眼看著救人已無望了,傅紅雪反而冷靜了下來,他靜靜地看著留在木屋的三個人。

花滿天和雲在天抖劍,收式,得意的看著傅紅雪,那個很斯文很秀氣的年輕人依舊笑眯眯地悠然站著。

風仍在吹,陽光一樣燦爛。

花滿天很得意的笑著,他笑著走近那位很斯文很秀氣的年輕人旁,然後對著傅紅雪說:「傅兄,剛剛因為時間太匆促了,所以忘了向你介紹這位公子的名字。」

「溫柔溫柔,很慢很慢。」傅紅雪慢慢他說:「他叫溫如玉。」

花滿天一愣,隨即又笑了:「想不到傅兄的見聞真廣博,連這麼久沒踏入江湖的溫公子,傅兄居然都知道。」

傅紅雪冷冷一笑:「你們今天來,就只為了要帶走她?」

「是的。」

「她和你們有仇?」

「沒有。」花滿天笑著說:「三老闆是怕她打擾了傅兄的清雅生活,所以叫我們來將她請走,好讓傅兄享受享受寧靜的生活。」

「錯了!」

傅紅雪在此時此刻忽然說了這麼兩個字,所有的人都怔了一下,就連那溫加玉也不禁地停了一下笑容。

「錯了?什麼錯了?」花滿天問:「你是說三老闆的好意錯了?」

傅紅雪沒有馬上回答,他將目光落到溫如玉的臉上,然後才開口:「你錯了。」

「我錯了?」溫如玉又是一怔:「我哪裡錯了?」

傅紅雪冷冷地看著他:「你以為剛剛在空中雙掌互錯時,我沒有看出破綻?或是認為就算我看出,也無法攻破它?」

溫如玉當然知道自己招式里的破綻,但是他知道傅紅雪,或是任何人都無法在破綻露出的那一剎那間攻破,所以對傅紅雪的話,他只是淡淡地笑著。

可是就在他的笑容剛綻放時,他忽然看見刀光一閃,然後就聽見了慘叫聲。

傅紅雪忽然拔刀,刀鋒從脅下一個很奇怪的部位揮出,砍的並不是溫如玉,而是另一邊的雲在天。

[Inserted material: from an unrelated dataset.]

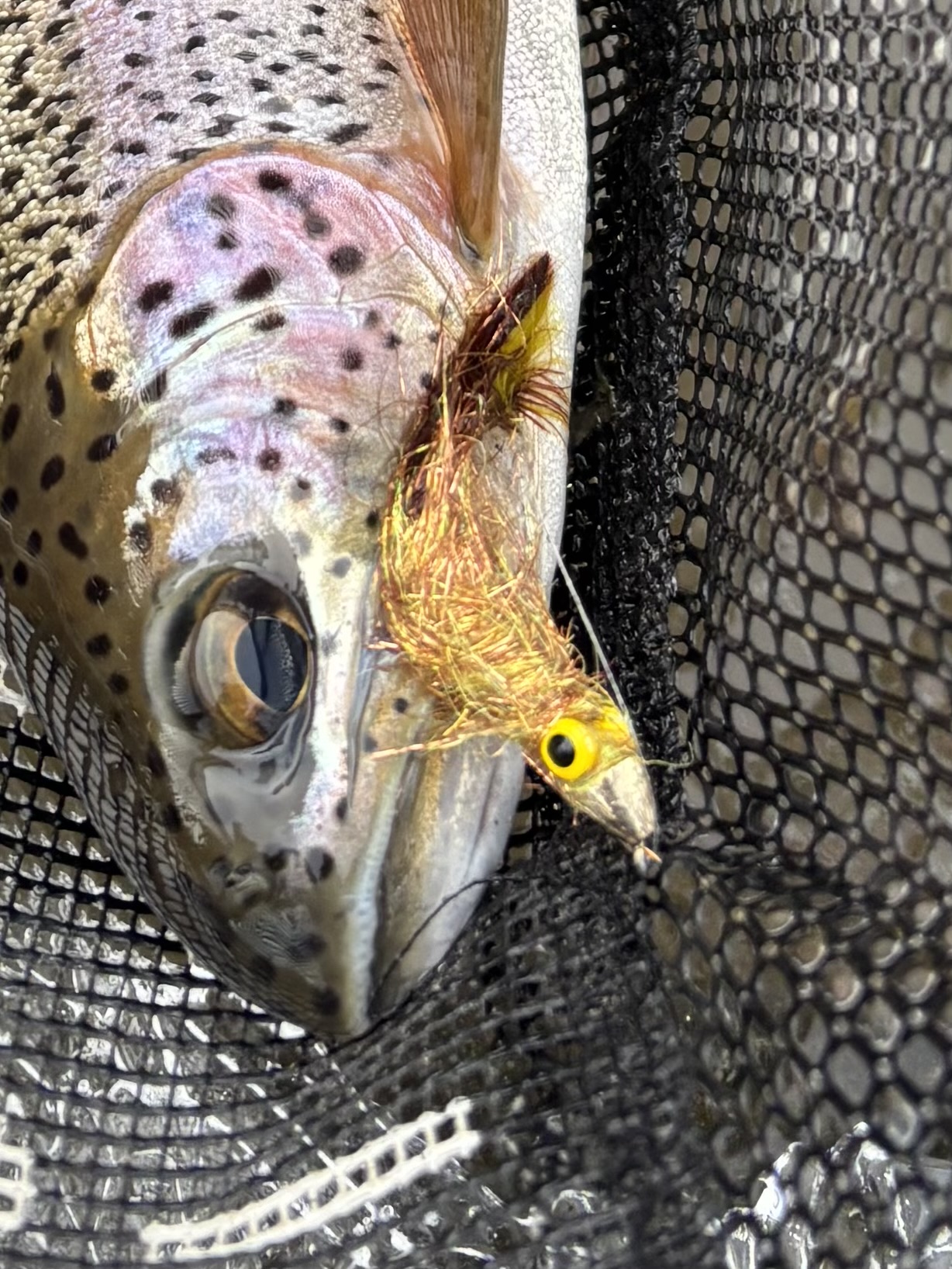 Our buddy Enzo went out fishing this weekend and had some fresh information to report. He hit up the Microburst this past Saturday and cleaned up with, of all things, an articulated stonefly nymph pattern he designed.

等雲在天發出慘叫聲時,傅紅雪的刀已入鞘了,溫如玉的臉色也變了,變得蒼白如雪。

傅紅雪依然冷冷地看著溫如玉:「你是不是錯了?」

剛剛的刀光一閃,剛剛的一刀揮出,砍的雖然是雲在天,可是溫如玉已看出這一招正是破解他剛剛那一招破綻的唯一招式。

「我錯了。」溫如玉終於承認了。

「剛剛我沒有用那一招,並不是因為我不會,或是抓不準時間。」傅紅雪慢慢他說: 「我沒使出,是因為那時已於是元補了,貿然使出,說不定會使『叮噹雙胞』因驚慌而提早殺掉風鈴。」 溫如玉的額頭已有汗珠沁出,花滿天突然上前一步,大聲他說:「縱然你沒有使出那一招,風鈴還是已落入我們的手裡。」

傅紅雪的回答,並不是對著花滿天,而是對著溫如玉說:「有一種人天生具有野獸的追蹤的本領,我相信你一定知道。」

「我知道。」溫如玉說。

「好。」傅紅雪冷冷他說:「那麼你已可以死了。」

刀鋒破空時,溫如玉的人已飛上了屋頂,他的輕功在江湖上,可以算是數一數二的,只可惜他碰到的是傅紅雪。

他一上屋頂,腳尖一沾屋瓦,正準備借力再倒翻而出時,他就聽見了一陣很尖銳的風聲,就感覺到雙腳一涼,等到他的人翻出時,他正好看見自己的一雙腳還停留在屋頂上。

花滿天從來也沒見過那麼奇詭的刀法,只見刀光一閃,只見傅紅雪的手彷彿輕輕淡淡地揮了一下,已逃六七丈遠的溫如玉雙腿就忽然一斷,人就忽然憑空落了下去。

花滿天想逃,無奈雙腿已不聽話了,他甚至聽見自己牙齒在打顫的聲音。

傅紅雪慢慢地回過身,慢慢地將目光盯在花滿天的臉上。

「今天我不殺你。」傅紅雪說:「但是我要你帶一句話。」

「什……什麼話?」

「回去告訴三老闆,不管他是誰,我一定去找他。」傅紅雪冷冷他說:「叫他最好以本來面目見我。」

「我……一定帶到。」

野獸中最有追蹤本領的是野狼,最會逃避追蹤的也是野狼。

如果說傅紅雪是一匹狼的話,那麼「叮噹雙胞」無疑也是狼。

沒有痕迹,沒有線索,沒有目擊者。

天色已漸漸暗了,暗淡的天空中,已出現了灰濛濛的星辰。

傅紅雪沒有找到風鈴,也沒有找到「叮噹雙胞」,他已經找了一天,沒有吃過一點東西,沒有喝過一滴水。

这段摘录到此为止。